For new St. Louis-area distilleries, that's particularly galling, as much of the white oak used to age whiskey is grown right here in Missouri.

White oak is quite hard, but still pliable, making it the perfect wood for barrel staves. It also happens that American white oak has especially high concentrations of a compound called tylose, which makes the finished barrels watertight. According to the United States Forest Service, Missouri has ideal growing conditions for American white oak, and so trees grown here are prized by both barrel and bourbon makers.

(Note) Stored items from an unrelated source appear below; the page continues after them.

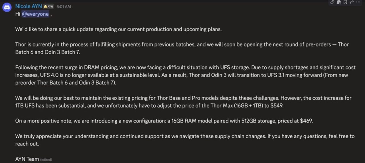 Além do aumento no Thor Max, a AYN anunciou uma alteração técnica nos modelos Lite e Pro do Thor para evitar reajustes de preço nessas versões. A partir do Batch 6 do Thor e do Batch 7 do Odin 3, o armazenamento UFS 4.0 será substituído pelo UFS 3.1. Segundo a empresa, o UFS 4.0 não está mais disponível em quantidade suficiente para manter a produção em níveis sustentáveis.
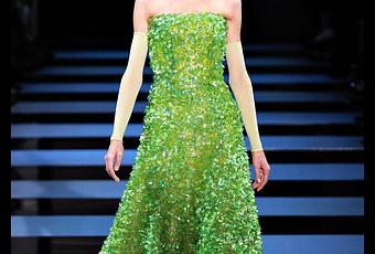 En sus texturas utiliza la más alta tecnología creando tejidos tipo panal de abeja, paillettes tomando forma de palmeras y cristales Swarovski, para llegar a la confluencia de una manera de vestir con el mundo animal y vegetal (bolsos en cocodrilo, mitones de pitón y lagarto).
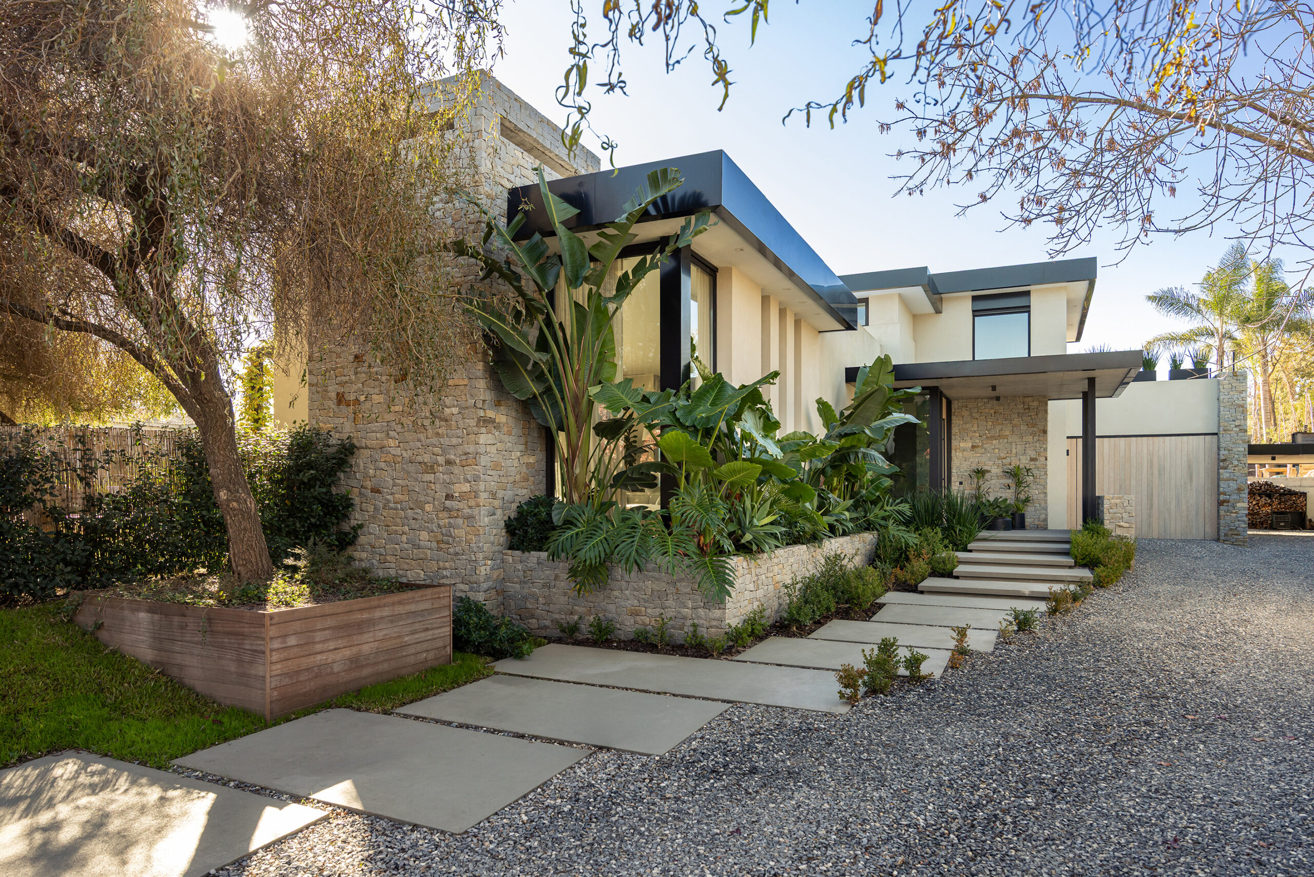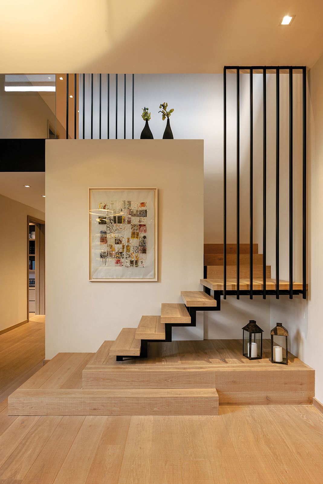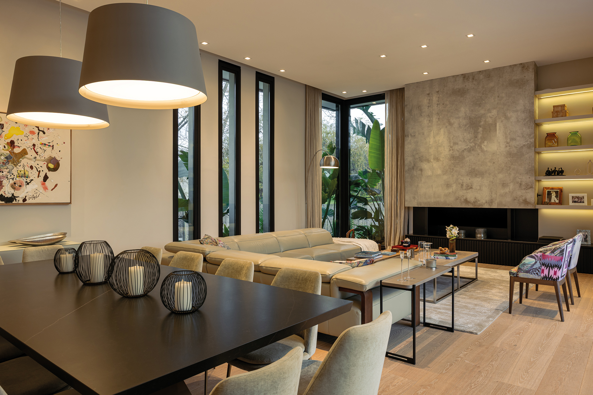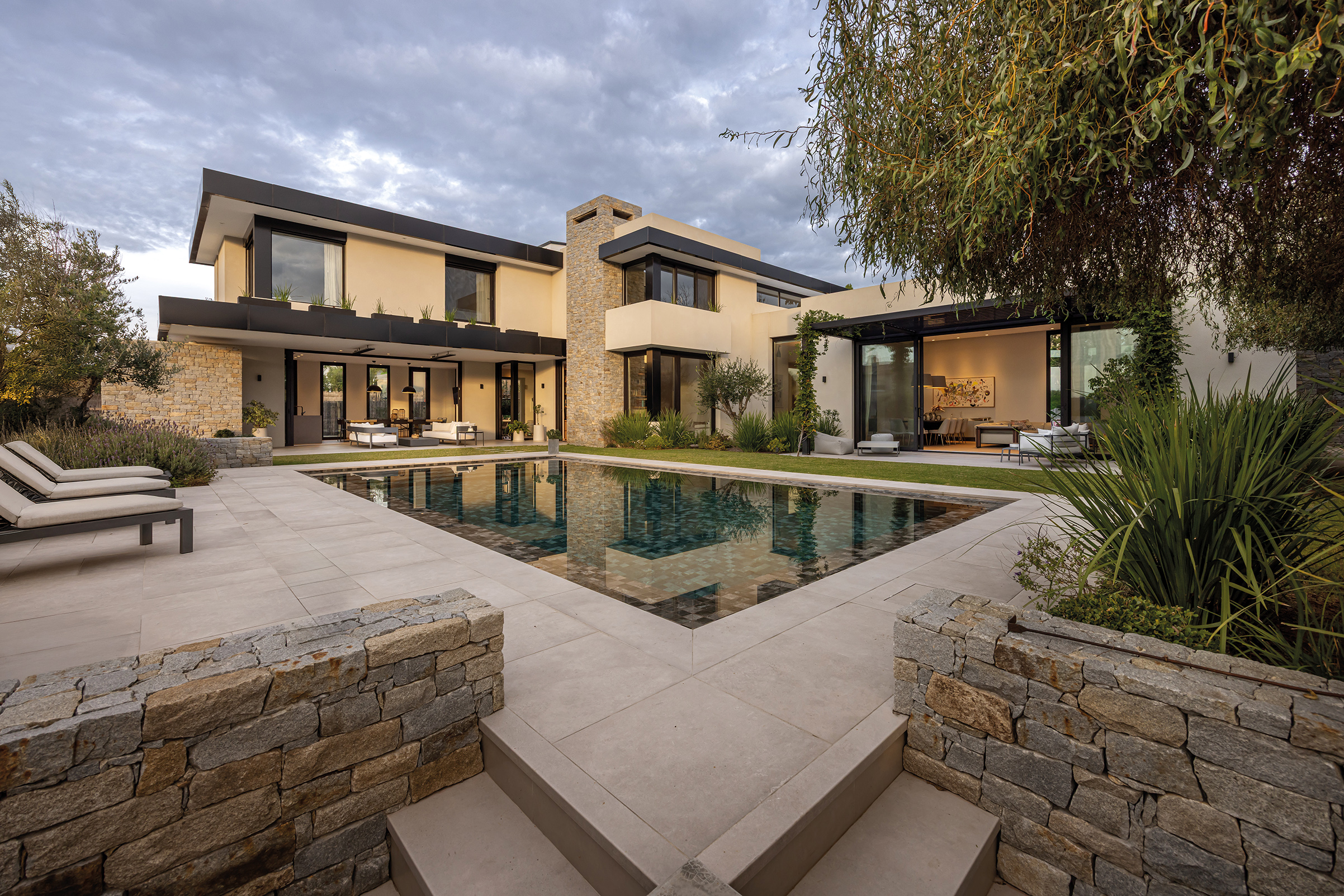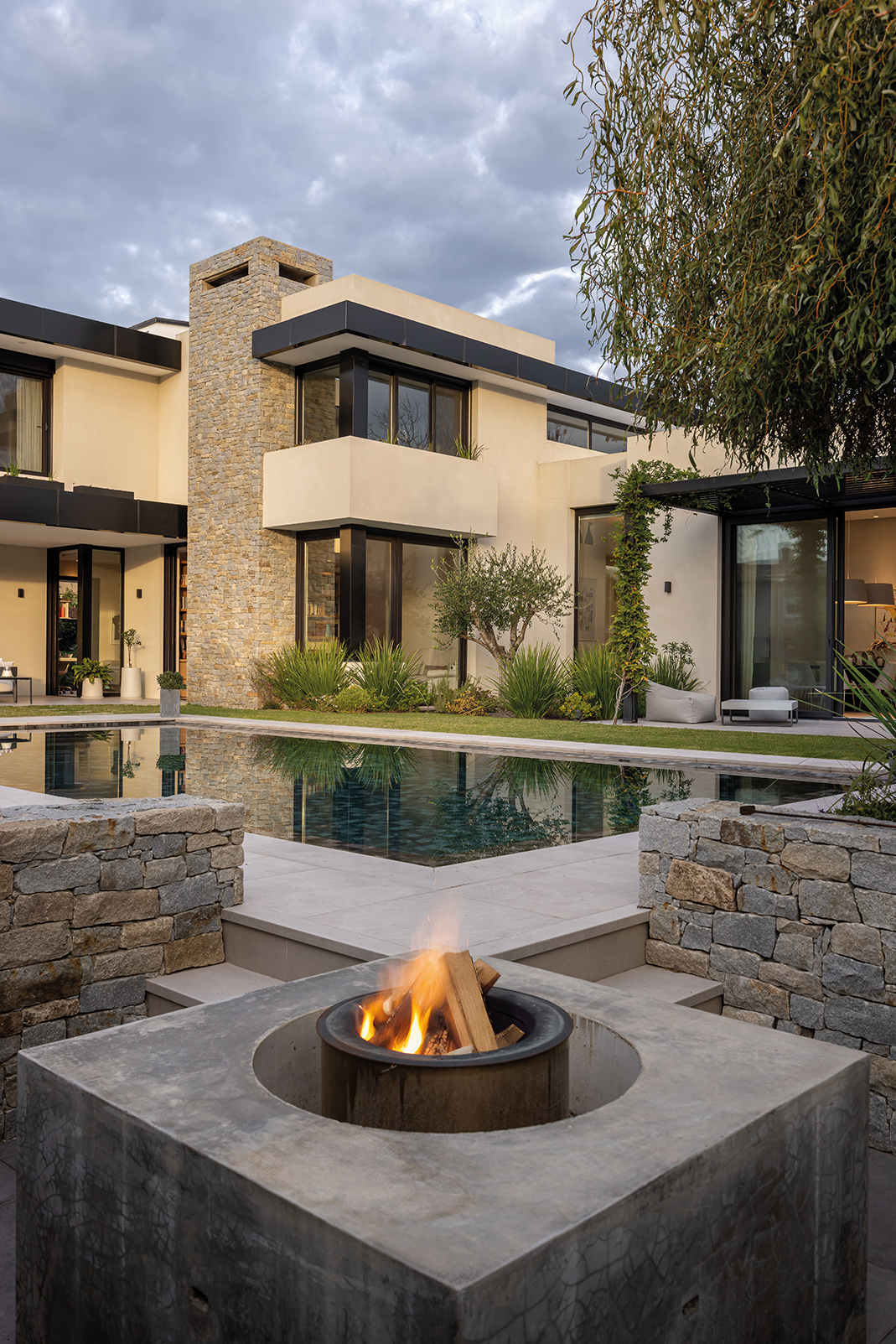 El acceso lateral no es un recurso casual: es parte de la dramaturgia del recorrido. Un sendero de losas de hormigón escoltado por una jardinera exuberante conduce hacia una fachada lateral que se impone como la verdadera entrada. Hay allí una composición rítmica de aberturas, aleros de alucobond negro, ángulos vidriados que dialogan entre sí. El hall de acceso, a doble altura, es un espacio que se ve desde la calle y que al ingresar se abre, como un abanico, hacia múltiples escenas: el living con vistas hacia la piscina, un olivo que actúa como ancla visual, la escalera que asciende con elegancia, una cava para quinientas botellas que insinúa el culto hedonista del buen vivir.
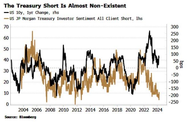 JP Morgan’s Treasury Survey tracks their clients’ positioning in Treasuries, asking them whether they are long, neutral or short.
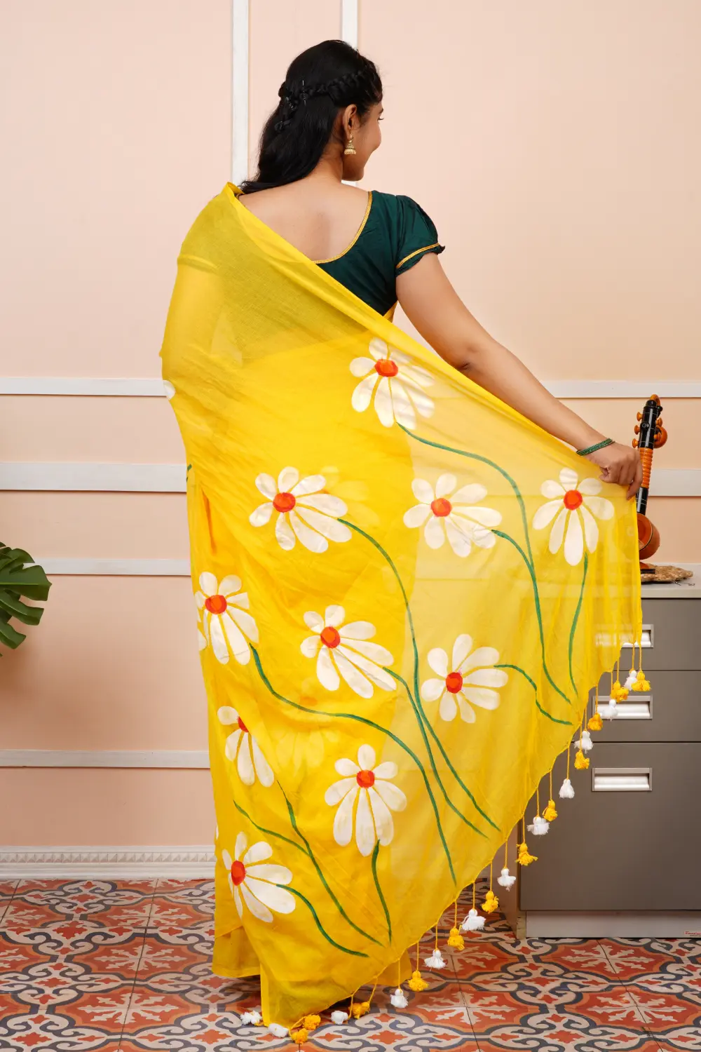 Silver Printed Jute Cotton Handloom Saree in Mustard Yellow with Black Blouse

David Weglarz, owner and distiller at Still 630, is proud of his award-winning Missouri whiskeys. "One of the great things about my distillery being in Missouri is that the best oak grows right in our back yard in the Ozarks. We use Missouri oak barrels, and our handmade pot still was also made in Missouri," Weglarz says.

But his barrels are getting more expensive and taking longer to arrive. "The last shipment I got from Independent Stave Company took three months," Weglarz says. Meanwhile, the price has gone up — Weglarz reports that Independent Stave's basic barrel costs at least 25 percent more than it used to.

"Even if you're able to get barrels, the prices are skyrocketing," Weglarz says. One cooperage that used to charge $160 per barrel now charges $275.

Steve Neukomm of Square One complains about these price increases as well. Previously, "$125 a barrel was typical. Barrels in my latest order were over $165, with no notice at all," Neukomm says.